» **Work task**
Return the data exactly, without pictures.

» **Given information**
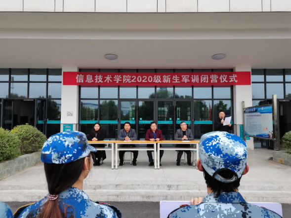 秋风送爽,硕果飘香。11月5日上午,信息技术学院2020级新生军训汇报表演暨闭营仪式在智造工业中心A栋广场隆重举行。信息技术学院党总支书记汤才虎,副院长曾鸿、张坤,共建专业合作企业负责人何静以及武警部队教官出席,并观看了本次受训的580余名新生带来的汇报表演。闭营仪式由副院长沈友明主持。
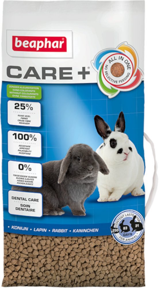 Beaphar Care+ – kompletní super prémiové granulované krmivo pro králíky. 5kg Granule Beaphar Care Plus jsou velmi chutné a vyvážené krmivo pro dospělé králíky, které byly vyrobeny ve spolupráci s veterináři, specialisty na výživu a chovateli. Speciální výrobní postup (extrudace) zaručuje, že jsou v krmivu obsažené bílkoviny upraveny pro snadné strávení. Tento způsob výroby navíc ničí všechny bakte...
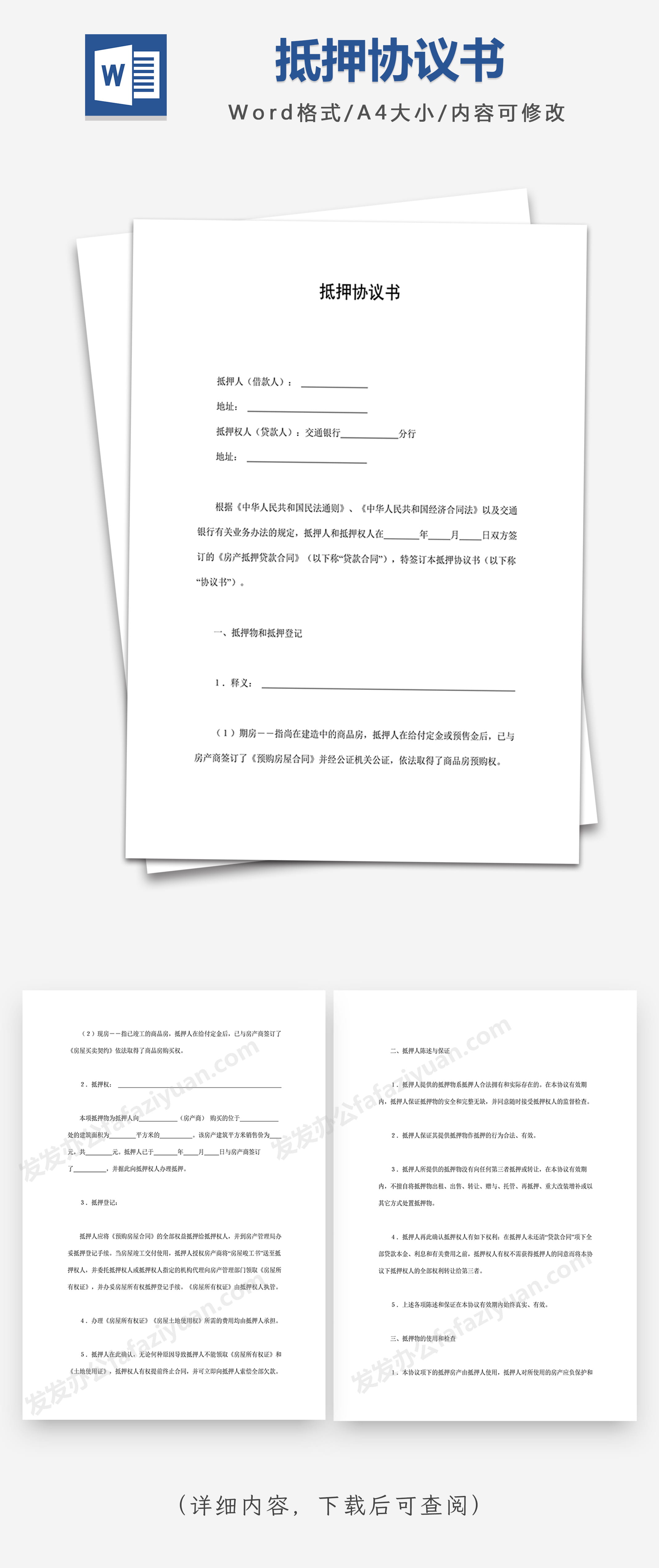 本作品内容为抵押协议书, 格式为 docx, 大小1 MB, 页数为6, 请使用软件Word打开, 作品中主体文字及图片可替换修改,文字修改可直接点击文本框进行编辑,图片更改可选中图片后单击鼠标右键选择更换图片,也可根据自身需求增加和删除作品中的内容, 源文件无水印, 欢迎使用发发资源库。

» **Answer section**
 秋风送爽,硕果飘香。11月5日上午,信息技术学院2020级新生军训汇报表演暨闭营仪式在智造工业中心A栋广场隆重举行。信息技术学院党总支书记汤才虎,副院长曾鸿、张坤,共建专业合作企业负责人何静以及武警部队教官出席,并观看了本次受训的580余名新生带来的汇报表演。闭营仪式由副院长沈友明主持。
 Beaphar Care+ – kompletní super prémiové granulované krmivo pro králíky. 5kg Granule Beaphar Care Plus jsou velmi chutné a vyvážené krmivo pro dospělé králíky, které byly vyrobeny ve spolupráci s veterináři, specialisty na výživu a chovateli. Speciální výrobní postup (extrudace) zaručuje, že jsou v krmivu obsažené bílkoviny upraveny pro snadné strávení. Tento způsob výroby navíc ničí všechny bakte...
 本作品内容为抵押协议书, 格式为 docx, 大小1 MB, 页数为6, 请使用软件Word打开, 作品中主体文字及图片可替换修改,文字修改可直接点击文本框进行编辑,图片更改可选中图片后单击鼠标右键选择更换图片,也可根据自身需求增加和删除作品中的内容, 源文件无水印, 欢迎使用发发资源库。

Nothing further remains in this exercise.